FISHuman: Fine-grained Single-image 3D Human Reconstruction via Multi-view 4D Remeshing¶

Conference: CVPR 2026
Paper: CVF Open Access
Code: None
Area: 3D Vision
Keywords: Single-image human reconstruction, multi-view video diffusion, 4D Remeshing, vertex deformation, unified UV texture

TL;DR¶

FISHuman utilizes a "3D-aware dual-stream video diffusion model" to expand a single photo into multi-view aligned RGB+normal sequences. It then employs a "4D Remeshing" module to transform pixel drifts from inconsistent multi-view frames into controllable per-vertex deformations. This allows for the reconstruction of 3D humans with fine geometry, realistic textures, and animation-ready meshes from a single image, outperforming SOTAs like PSHuman and Human3Diffusion in geometry and appearance metrics on 2K2K / Sizer.

Background & Motivation¶

Background: Mainstream single-image 3D human reconstruction follows two paths. One consists of pixel-aligned implicit functions (PIFu / ECON) or explicit human priors (SMPL).

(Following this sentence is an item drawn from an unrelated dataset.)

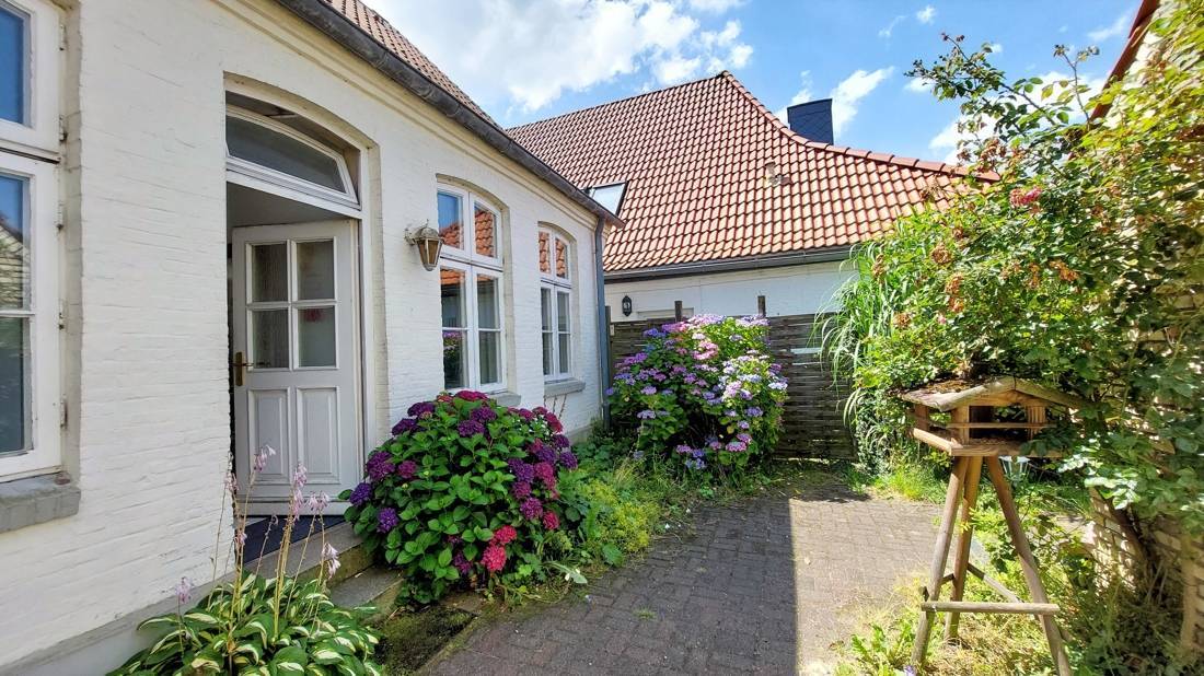 Ein echtes Highlight des Hauses ist der altfriesische Pyramidenofen, der für wohlige Wärme sorgt und dem Wohnraum eine gemütliche Atmosphäre verleiht. Ebenso prägend für das Haus sind die charakteristischen Friesenfenster, die nicht nur optisch hervorstechen, sondern dank ihrer speziellen Bauweise – außen einfach und innen doppelt verglast – auch einen hervorragenden Schallschutz bieten und so für angenehme Ruhe im Haus sorgen.

The other leverages 2D multi-view diffusion models to generate auxiliary views for 3D reconstruction (PSHuman, SiTH, etc.).

Limitations of Prior Work: Implicit/SMPL-based methods produce severe artifacts in regions not visible from the input view (self-occlusion, back side). Multi-view diffusion methods are limited by memory and architecture, typically generating only sparse views with insufficient coverage of occluded areas. Furthermore, generated views lack explicit 3D constraints and are inconsistent; direct reconstruction from these views leads to distorted geometry and blurred textures. Some methods (Human3Diffusion) use native 3D generators (transformers/diffusion) to enforce consistency but suffer from limited resolution and poor generalization.

Key Challenge: Generated multi-view frames are inherently "inconsistent" (color perturbations, pose jitter, spatial misalignment). Naive 3D reconstruction forces the model to average these conflicting supervisory signals, resulting in smoothed-out geometry and blurred textures. Consistency and fine detail are in conflict during the "2D generated frames $\to$ 3D reconstruction" step.

Goal: To produce production-ready (extractable mesh, riggable, editable) fine 3D humans from a single image, achieving high-fidelity appearance, detailed geometry, and cross-style generalization.

Key Insight: Instead of pursuing "absolute consistency" between generated frames (which is unachievable), it is better to acknowledge their inconsistency and explicitly model pixel-level drift as dynamic vertex deformations. By learning a set of offsets for each view on a globally shared canonical mesh, conflicting signals are no longer averaged but decoupled into "shared geometry + view-dependent details."

Core Idea: Use "3D-aware dual-stream video diffusion" to generate dense aligned RGB+normal sequences as priors, followed by "4D Remeshing" to convert multi-view inconsistencies into a joint optimization of a canonical mesh and per-view deformation fields. Finally, a unified UV texture is learned on the shared topology.

Method¶

Overall Architecture¶

Given a single image $I$, FISHuman produces a textured 3D mesh in two main stages. The first stage is 3D-aware dual-stream video generation: taking the reference RGB image, its estimated normal map, and 2D poses extracted by DWPose as conditions, it feeds them into a dual-stream DiT fine-tuned on multi-view renderings of synthetic 3D humans. This generates an arbitrary number of cross-modally aligned multi-view RGB sequences $\mathcal{F}^{rgb}_{1:T}$ and normal sequences $\mathcal{F}^{norm}_{1:T}$ (view changes are treated as rigid body rotations). The second stage is Dynamic 3D Human Carving, consisting of two steps: using 4D Remeshing to reconstruct topology-consistent geometry from inconsistent normal sequences, and performing Unified UV Texture Learning on the shared topology to fuse multi-view appearances. The deformation mesh corresponding to the front view is taken as the final output asset.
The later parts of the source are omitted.